_Assigned task_.
Going line by line through the records below, write out everything starting with the line containing "Bill Cosby Bill" and going on through the line containing "在家的时候,除了睡觉,一家人", exactly and inclusively. Pictures do not go in.

_Exercise materials_.
= = =
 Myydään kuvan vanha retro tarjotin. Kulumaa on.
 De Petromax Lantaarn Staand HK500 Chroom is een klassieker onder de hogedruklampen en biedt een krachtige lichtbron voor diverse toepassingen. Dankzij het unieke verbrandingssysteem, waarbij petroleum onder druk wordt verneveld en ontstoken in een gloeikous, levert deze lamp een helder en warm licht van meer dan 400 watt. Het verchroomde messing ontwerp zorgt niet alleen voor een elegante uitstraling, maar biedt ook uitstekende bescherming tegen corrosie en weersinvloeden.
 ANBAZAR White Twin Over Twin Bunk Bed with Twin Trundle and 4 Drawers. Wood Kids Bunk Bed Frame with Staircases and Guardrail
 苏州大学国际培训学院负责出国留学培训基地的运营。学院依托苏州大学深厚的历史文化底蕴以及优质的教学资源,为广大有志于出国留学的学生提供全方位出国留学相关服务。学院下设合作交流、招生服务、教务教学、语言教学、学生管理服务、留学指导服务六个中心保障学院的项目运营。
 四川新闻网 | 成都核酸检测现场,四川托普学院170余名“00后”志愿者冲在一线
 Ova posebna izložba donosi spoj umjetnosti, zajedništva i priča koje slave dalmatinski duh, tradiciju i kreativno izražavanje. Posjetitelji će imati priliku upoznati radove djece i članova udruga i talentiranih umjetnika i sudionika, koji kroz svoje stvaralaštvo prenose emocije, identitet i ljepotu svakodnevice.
= = =
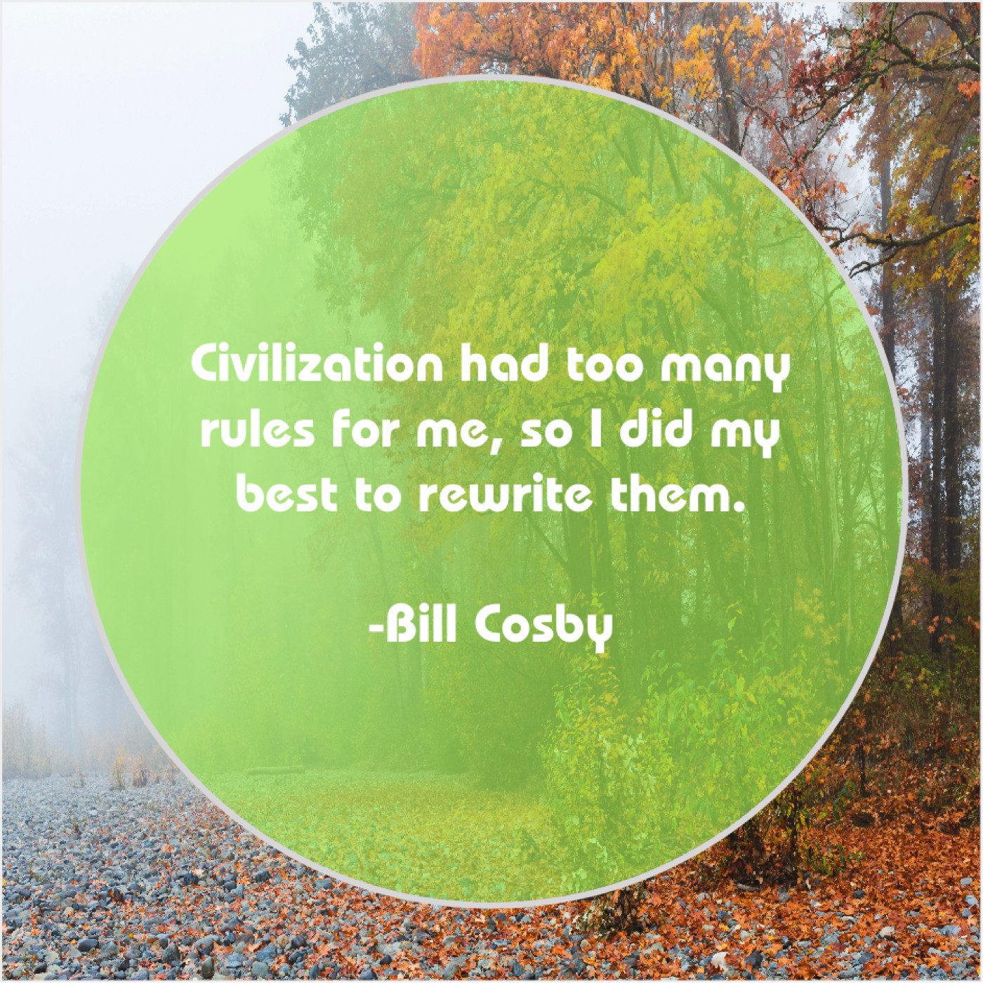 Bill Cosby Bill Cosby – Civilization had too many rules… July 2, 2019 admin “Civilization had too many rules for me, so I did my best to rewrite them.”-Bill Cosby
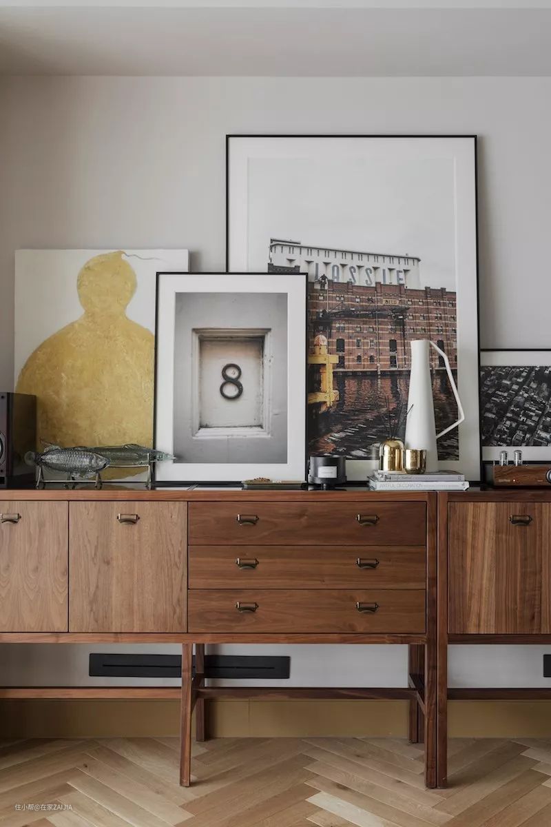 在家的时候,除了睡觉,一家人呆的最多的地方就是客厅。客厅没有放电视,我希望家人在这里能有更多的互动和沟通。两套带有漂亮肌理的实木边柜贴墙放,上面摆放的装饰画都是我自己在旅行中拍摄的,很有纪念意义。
= = =
_Task answer_.
 Bill Cosby Bill Cosby – Civilization had too many rules… July 2, 2019 admin “Civilization had too many rules for me, so I did my best to rewrite them.”-Bill Cosby
 在家的时候,除了睡觉,一家人呆的最多的地方就是客厅。客厅没有放电视,我希望家人在这里能有更多的互动和沟通。两套带有漂亮肌理的实木边柜贴墙放,上面摆放的装饰画都是我自己在旅行中拍摄的,很有纪念意义。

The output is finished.